Дмитрий Анатольевич принимал участие в обсуждении петиции, но не очень большое участие: ее составляли люди гораздо более известные, чем он. Ласточкин входил в московскую и даже во всероссийскую общественность, однако, входил в нее преимущественно, как «представитель торгово-промышленного класса», — по неписанному рангу это было всё-таки чуть ниже, чем профессор, публицист или общественный деятель просто. Он всей душой сочувствовал петиции, но кое-что в ней ему не нравилось. Не нравился слезливо-торжественный стиль: «Тот же казенный слог, только обратный». Не нравилась некоторая неискренность: составители петиции, он знал, не думали, что государь так ненавидит «приказный» строй и что все его предначертания были кем-то искажены. Не нравилось и заверение, будто народные представители могут, если захотят, превратить войну с Японией в «войну народную», установить «мир внутренний» и сплотить Россию вокруг какого-то «единого стяга народного».

Преувеличенной ему казалось и гражданская скорбь авторов петиции. Тут, впрочем, он себя никак от них не отделял. «У нас у всех», — думал Дмитрий Анатольевич, — «есть личные, практические, прозаические дела, они для нас важнее политических, пожалуй и никак с теми не вяжутся. Можно ли много думать о своих имениях, о дивидендах, о гонорарах и одновременно о стяге народном?» В последнее время Ласточкин стал еще правдивее с собой, чем был прежде, и, быть может поэтому, еще противоречивее. Приятели говорили, что он полевел; между тем к возможной революции он относился гораздо мрачнее, чем большинство участников московских совещаний. Не очень одобрял он и состав отправившейся к царю делегации. В нее входили четыре князя, один граф, один барон, несколько нетитулованных родовитых дворян и больше не было почти никого. Он понимал, что это вышло более или менее случайно, но считал отсутствие крестьян, промышленников, купцов очень досадным, непростительным упущением.

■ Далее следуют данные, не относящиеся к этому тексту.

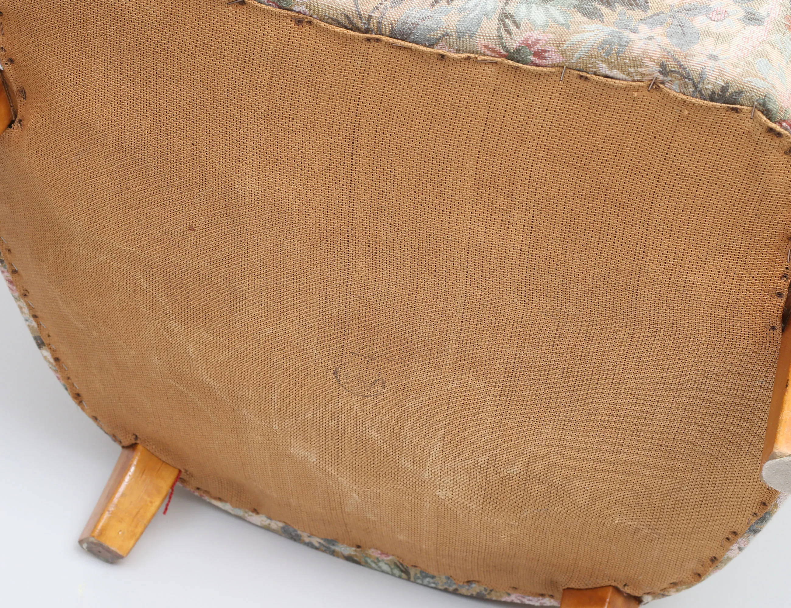 märkta Svenska Möbelfabrikerna, helstoppade, lös dyna i sitsen, blommig klädsel, ben i bok, höjd 70, bredd 77
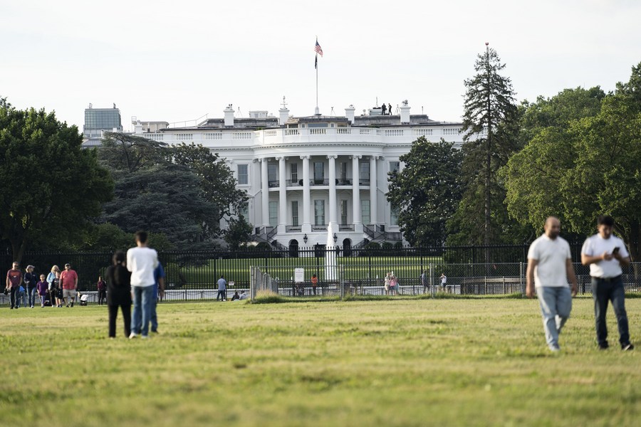 People wander near the White House in Washington, D.C., the United States, June 22, 2021. (Xinhua/Liu Jie)
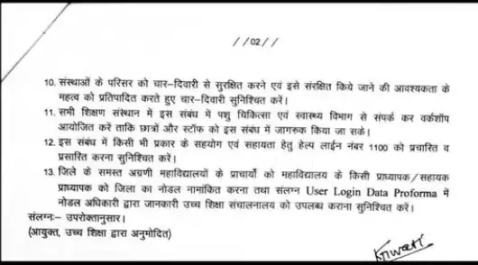 उच्च शिक्षा विभाग ने कॉलेज-विश्वविद्यालय के लिए कुछ जरूरी निर्देश जारी किए है. इसमें प्रोफेसरों को खाद्य सामग्री तो खुले में ना रखने के बात कही है. ताकि आवारा पशु इससे आकर्षित होकर अंदर प्रवेश न करें. साथ ही संस्थानों को परिसर की बाउंड्री वॉल बेहतर करने के भी निर्देश जारी किए हैं. ऐसा करने से आवारा कुत्तों और पशुओं के प्रवेश पर रोक लग सकेगी.
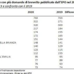 Con 1.506 brevetti, la Lombardia è la regione in cui più si concentra la capacità innovativa italiana; seguono l’Emilia Romagna (con 703 domande di brevetti), il Veneto (con 596) e il Piemonte (480). Milano, Torino, Bologna, Roma e Treviso sono invece le province che hanno presentato il maggior numero di brevetti.
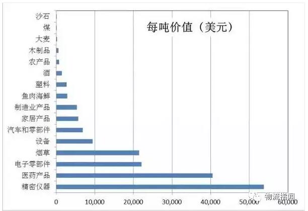 其次是經(jīng)濟水平?jīng)Q定的貨物價值。同樣一公斤貨,因為單公斤貨物價值的不同會對GDP產生很大影響。例如下圖是美國不同類別的貨物平均每噸的價值,可以看到差別非常大,一噸煤和一噸煙草價值可以相差100倍。同樣一噸貨物,價值更高對應的GDP就更高。

В газете была напечатана и речь, сказанная государю фактическим главой делегации, князем Сергеем Трубецким. Дмитрий Анатольевич лично знал этого профессора и, как все, очень его почитал. Речь до некоторой степени пересказывала петицию, но по форме была значительно мягче. Ласточкин догадывался, что она была сказана хорошо, с искренним волнением и должна была произвести сильное впечатление. Он и сам был взволнован, точно ее слышал; но думал, что лучше было бы сказать то же несколько иначе. «Ну, что-ж, сказано, посмотрим, что из этого выйдет. Скорее всего не выйдет ничего».

На третьей странице был еще некролог второстепенного публициста. Дмитрий Анатольевич пробежал его рассеянно, очень мало знал умершего. «Писатель, если только он — Волна, а океан — Россия»… «Этот крест он нес на своих плечах, нес стойко и мужественно сквозь терновник, густо заполнивший путь русской публицистики»… «И лишь под конец, сквозь мрак реакции, мелькнул и для него, как для всего русского общества, первый проблеск рассвета»… Зачем так преувеличивать? Какой он нес крест? И еще каков будет этот «проблеск»? — думал он с легкой досадой.

Вода в самоваре вскипела, он всполоснул чайник кипятком и насыпал чаю. — «Я тоже делаю что могу, но никакого креста не несу, и нельзя его нести за серебряным самоваром. Он, как и я, никогда, вероятно, не был ни в тюрьме, ни в ссылке, иначе в некрологе об этом упомянули бы. Едва ли Россия будет счастливой страной, если мы все не освободимся от фраз и преувеличений».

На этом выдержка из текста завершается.